It’s understandable that the first thing that comes to mind when contemplating the choices Nintendo will make with its remake of The Legend of Zelda: Ocarina of Time is the art style. The remake’s whole existence is premised on a graphically rich, modern treatment of a crudely polygonal 3D world that is showing its age. How will it look? Where will Nintendo situate it on the spectrum that has run from the vivid cartooning of The Wind Waker through the anime styling and watercolor palette of Breath of the Wild to the quasi-realistic Twilight Princess? We have a partial answer from the trailer: a glossy, richly textured, CG animated movie look.
After that, the mind naturally goes to design. Ocarina of Time is a game design classic and a milestone of the early 3D era, but it does things no modern game would dare with movement, camera, and interface. How much of this will change? Will there be a jump button? Will there be a Breath of the Wild influence? Will there be… I’m sorry, forgive me… weapon durability?
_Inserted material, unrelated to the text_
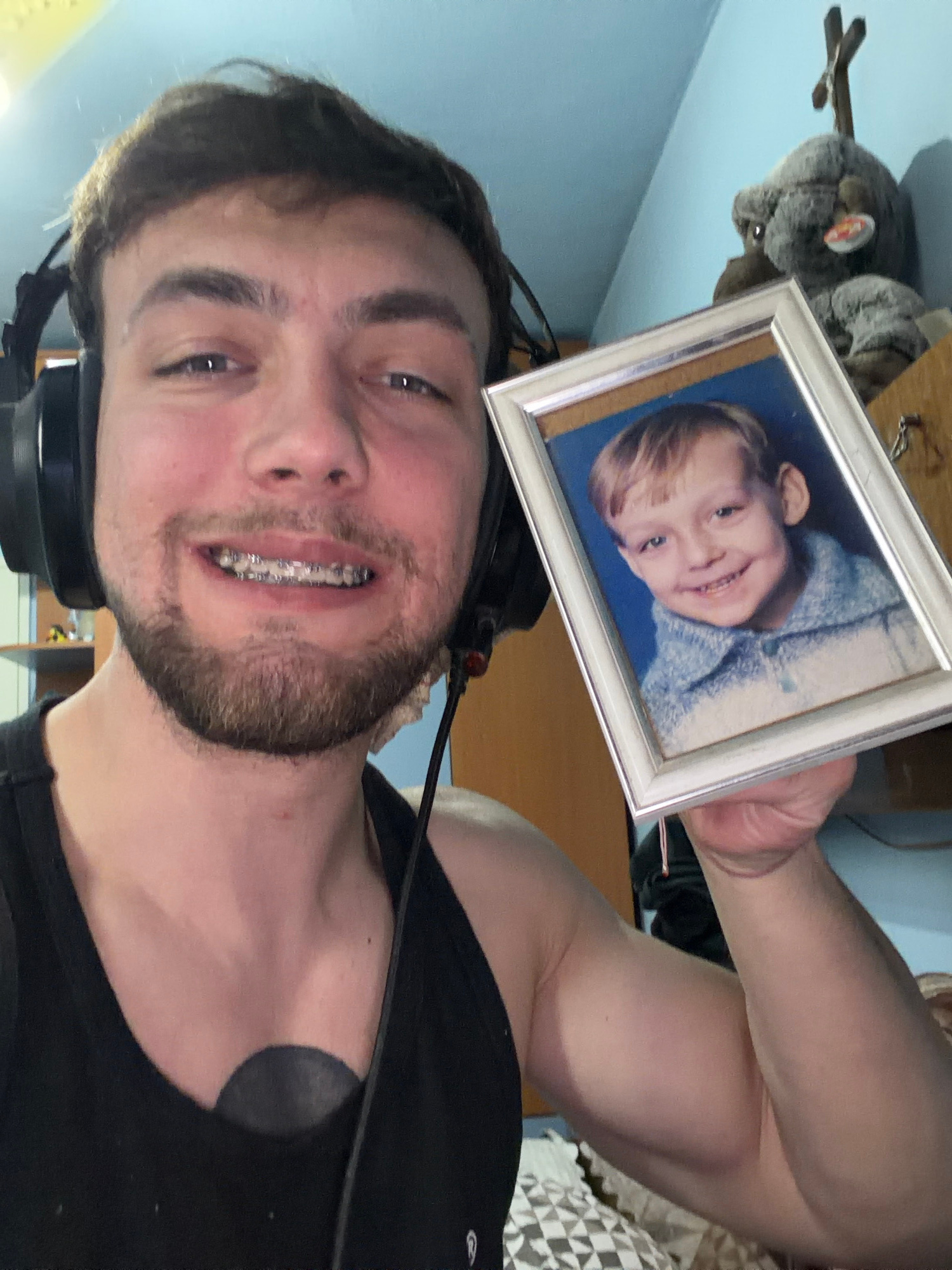 A selfie depicts a man holding a framed photograph of a child. The man has short dark hair, a beard, and is wearing headphones. His teeth show braces. He wears a black tank top and has a dark, circula…read more

I’m fascinated and slightly scared by most of these questions. I cannot wait to see the answers. But there’s one less-discussed aspect of Ocarina of Time that’s causing me even more anxiety right now, and it’s how the game will sound. Particularly how Nintendo updates the musical score, and whether or not it chooses to use voice acting.
The 1998 Ocarina of Time has an extremely distinctive soundscape. There’s the musical score by Koji Kondo, of course, which is stuffed with deathless melodies, including all the ocarina songs, which tie directly into the gameplay and story. There are the bright effects and there’s the ambient soundscape, which is sparse and echoing. And there are the heavily compressed voice snippets, including Link’s iconic clipped yells, the Gorons’ baritone grunts, and Navi’s immortal “Hey! Listen!”
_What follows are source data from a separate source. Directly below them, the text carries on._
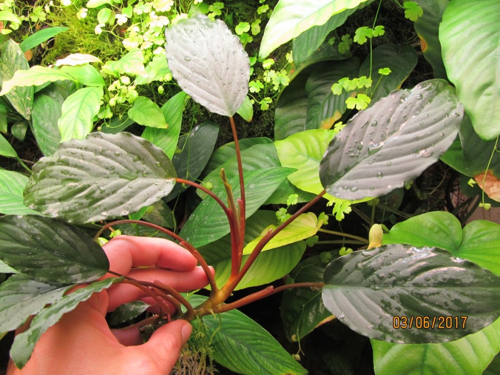 Очень красивое растение. Росло в тепличке, под водой содержать не пробовал, но думаю будет и там расти. В содержании не требовательное, растет быстрее анубиасов.
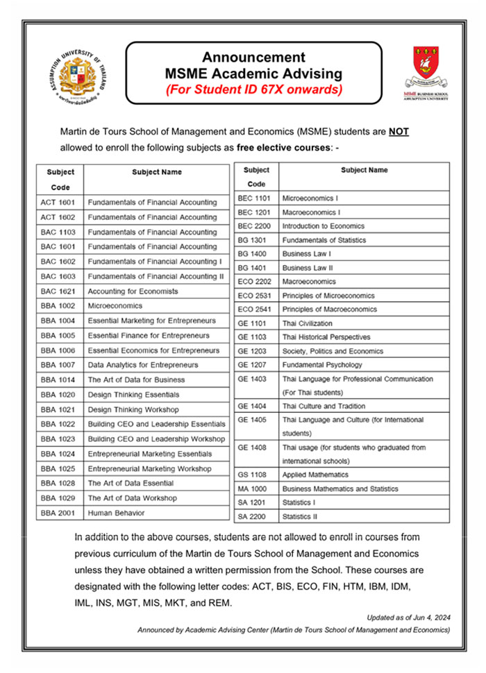 | GE 1403 | Thai Language for Professional Communication (For Thai students) | |
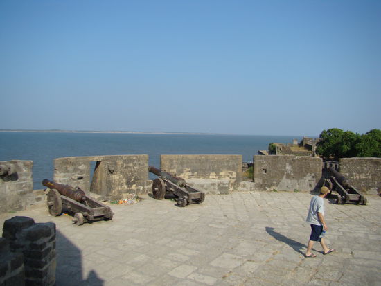 In Diu fanden wir ein sehr sauberes Gästehaus das von einer katholischen Familie geführt wurde. Hier herrschte eine sehr gemütliche Atmosphäre und das Haus- Fischcurry schmeckte fantastisch! Wir mieteten vom Sohn des Hauses für zwei Tage ein Moped und erkundeten damit die gesamte Insel, welche schnuckelige 11 mal 3km gross ist. Besuchten die Höhlen die aus der Zeit des Portugiesischen Kolonialismus stammen und die alte Festung aus derselben Zeit. In Diu herrscht eine spezielle Mischung aus indischer Kultur und christlicher Religion, so standen in jeder Ecke genau wie in den anderen Indischen Städten kleine Schreine, hier beherbergten sie aber statt hinduistischen Göttern kleine Jesus und Maria Bilder. Die Strände hier sind traumhaft schön, wir dachten schon fast, Indien liege nicht am Meer und so Menschenleer dass sich sogar Shanti ins Wasser traute...

It’s the audio that defines Ocarina of Time‘s unique atmosphere, which is epic, yes, but also intimate and eerie. Kondo’s melodies are seared into your brain via the ocarina you use to play them; they manipulate the world and bond you to characters like Zelda, Sheik, and Epona. Their expressions in the soundtrack veer away from orchestral pomp (with the exception of the Hyrule Field theme) and toward homely folk and chamber music, played on synthesized fiddles, harpsichords, and harmonicas. In the dungeons, Kondo enters a completely different realm of spooky, open-ended ambient loops that never resolve musically.